▸ **Work instruction**: Should any entry include an image, skip the image and copy the entry exactly.

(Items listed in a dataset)
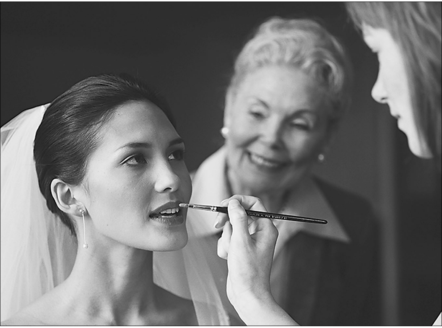
Metro Creative Services

A wedding day can bring plenty of “stresses,” but having a timeline set up is one of the best ways to make sure the big day comes off without a hitch.
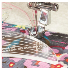
Ruler Quilting Function
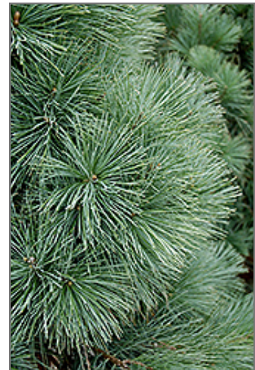
Domingo Limber Pine foliage
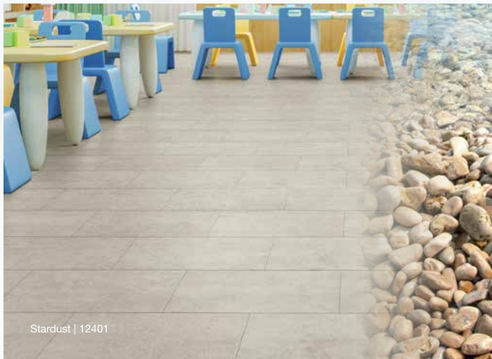
Stardust | 12401

Finding the perfect design is easy; but finding the right flooring type can be a challenge. With Nod to Nature every design comes in three distinct structures: Rewilding ™, Dry Back Traditional LVT; Individuality ™, Loose Lay Thick LVT; and Visionary ™, Rigid Core. Never again will you have to sacrifice style to accommodate the installation.
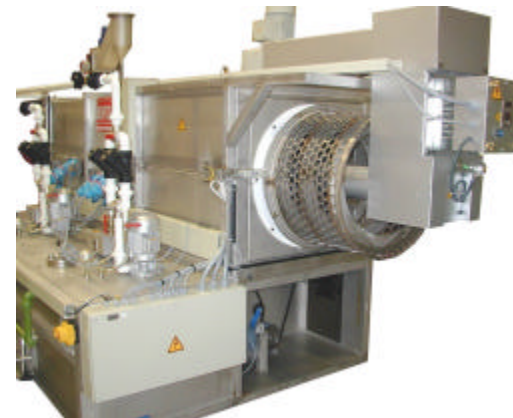
Drum discharge side

The construction and the process meet most stringent requirements to assure a nonstop production for washing / degreasing by spraying water and detergent added to a high efficiency pulsed hot air drying.
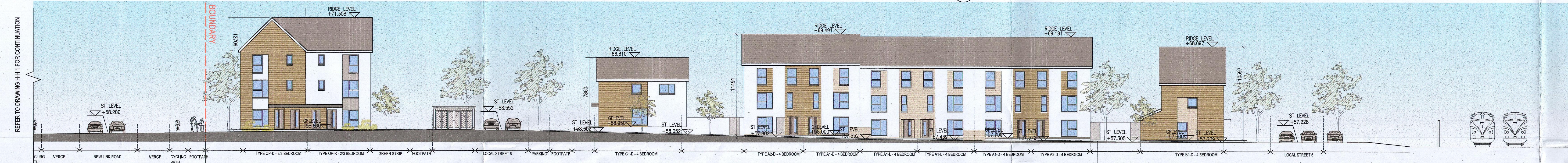
O-03 Proposed Street Elevation O-03 1:200 @ A1
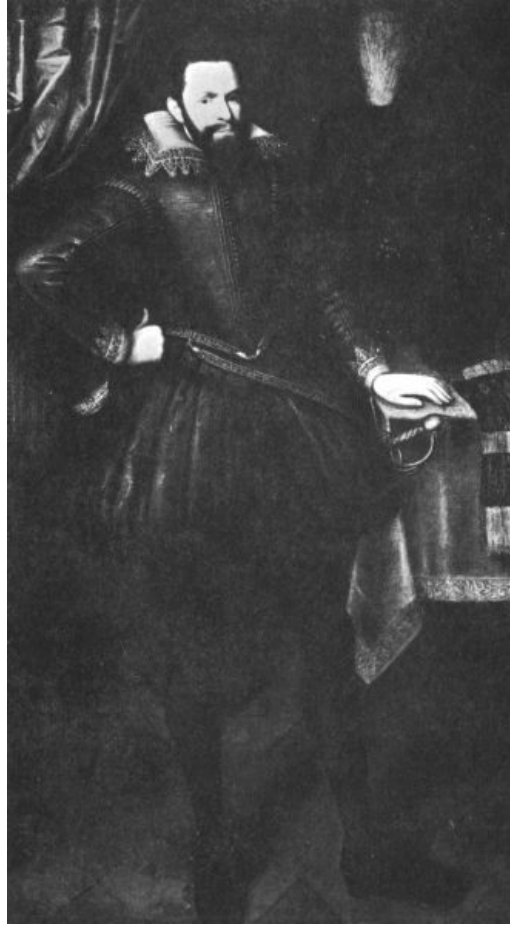
Sir Thomas Dale
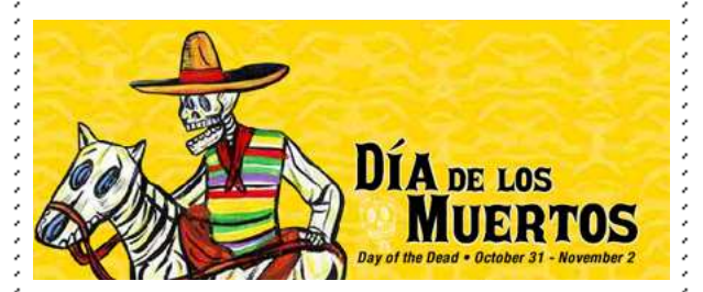
Día De Los Muertos Day of the Dead History Website

What Do Mexicans Celebrate On The Day Of The Dead?
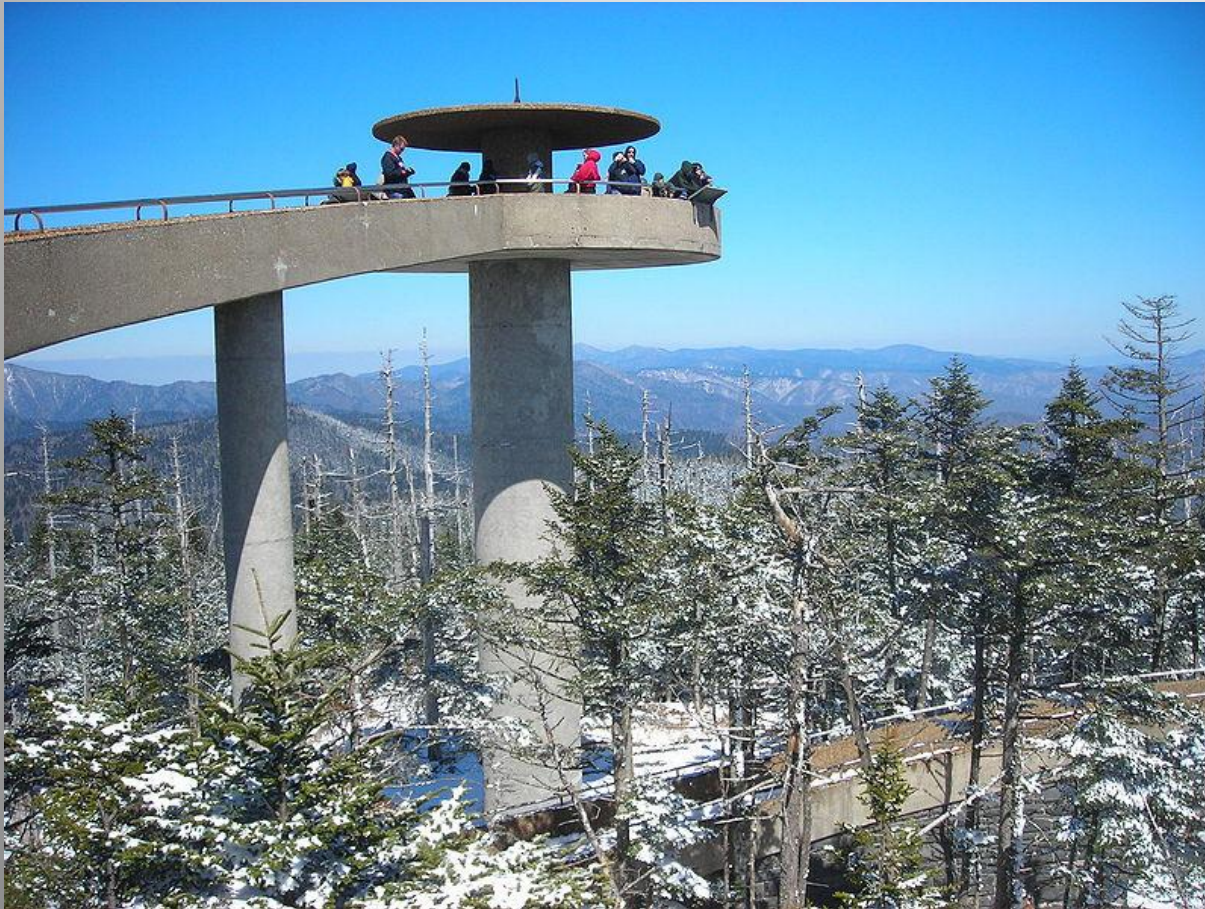
Clingman's Dome Observation Tower
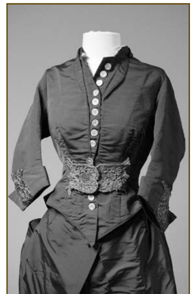
Nineteenth century decorative bodice with matching skirt
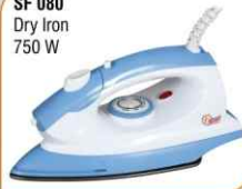
SF 080 Dry Iron 750 W
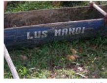
Memorial Canoe "Lus Mangi"

▸ **Problem solution**:
Metro Creative Services

A wedding day can bring plenty of “stresses,” but having a timeline set up is one of the best ways to make sure the big day comes off without a hitch.
Ruler Quilting Function
Domingo Limber Pine foliage
Stardust | 12401

Finding the perfect design is easy; but finding the right flooring type can be a challenge. With Nod to Nature every design comes in three distinct structures: Rewilding ™, Dry Back Traditional LVT; Individuality ™, Loose Lay Thick LVT; and Visionary ™, Rigid Core. Never again will you have to sacrifice style to accommodate the installation.
Drum discharge side

The construction and the process meet most stringent requirements to assure a nonstop production for washing / degreasing by spraying water and detergent added to a high efficiency pulsed hot air drying.
O-03 Proposed Street Elevation O-03 1:200 @ A1
Sir Thomas Dale
Día De Los Muertos Day of the Dead History Website

What Do Mexicans Celebrate On The Day Of The Dead?
Clingman's Dome Observation Tower
Nineteenth century decorative bodice with matching skirt
SF 080 Dry Iron 750 W
Memorial Canoe "Lus Mangi"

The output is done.